Moratorium on mountain groundwater take extended

05 March 2021

The ban on new commercial groundwater bores being drilled on Tamborine Mountain and Springbrook has been extended beyond its original March 5 expiry.

The ban on new commercial groundwater bores being drilled on Tamborine Mountain and Springbrook has been extended beyond its original March 5 expiry.

Extending the moratorium on new bores allows the department to continue working with local councils, the community and scientific experts to investigate groundwater resources for the Scenic Rim and Gold Coast hinterland.

We appreciate that local residents are concerned about the sustainability of groundwater resources at Tamborine Mountain and Springbrook and are working on a number of steps to address these concerns.

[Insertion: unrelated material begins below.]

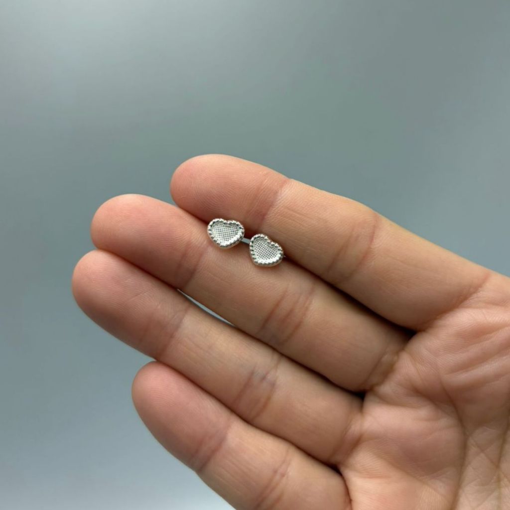 Brinco Feminino de Prata 925 Coração Detalhado

Since the moratorium commenced on 6 March 2020, the department has been working alongside Scenic Rim Regional Council, Gold Coast City Council, Seqwater and QUT to obtain data on current water use.

Together with new science and continued stakeholder engagement, this data will increase transparency and inform an evidence-based approach to moving forward and managing any risk to these groundwater resources.

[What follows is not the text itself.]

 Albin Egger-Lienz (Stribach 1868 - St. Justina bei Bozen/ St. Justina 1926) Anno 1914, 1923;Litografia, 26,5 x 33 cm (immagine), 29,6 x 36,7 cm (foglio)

The government has also been working with the Australian Beverages Council on the importance of making information about their operations publicly available.

Recently, the Australian Beverages Council published an online interactive map providing volumes of water extracted for commercial purposes in regions across the State.

Having this information publicly available for anyone to access helps build transparency, accountability and community confidence in the industry’s operations.

The moratorium notice prohibits the construction of any new groundwater bores on Tamborine Mountain and Springbrook. The moratorium provides exemptions for households, farming and town supply.

You can view the moratorium notice online or check if it covers your property.

The information gathered will help inform the Minister’s reports on the effectiveness of the existing Logan Basin and Gold Coast water plans, due later this year.

BACKGROUND

Research conducted by QUT shows the aquifers beneath Tamborine Mountain and Springbrook are strongly reliant on rainfall for water recharge.

Severe drought conditions have recently prevailed across many parts of Queensland and groundwater levels in connected aquifers are impacted by below average aquifer recharge.

Any decision to prohibit water bottling facilities is a decision for a local government. Groundwater in Tamborine Mountain and Springbrook is not regulated and an entitlement to take water is not required.

Planning approvals (assessed by the local government) are required for the construction of bores or pumps to take groundwater or surface water.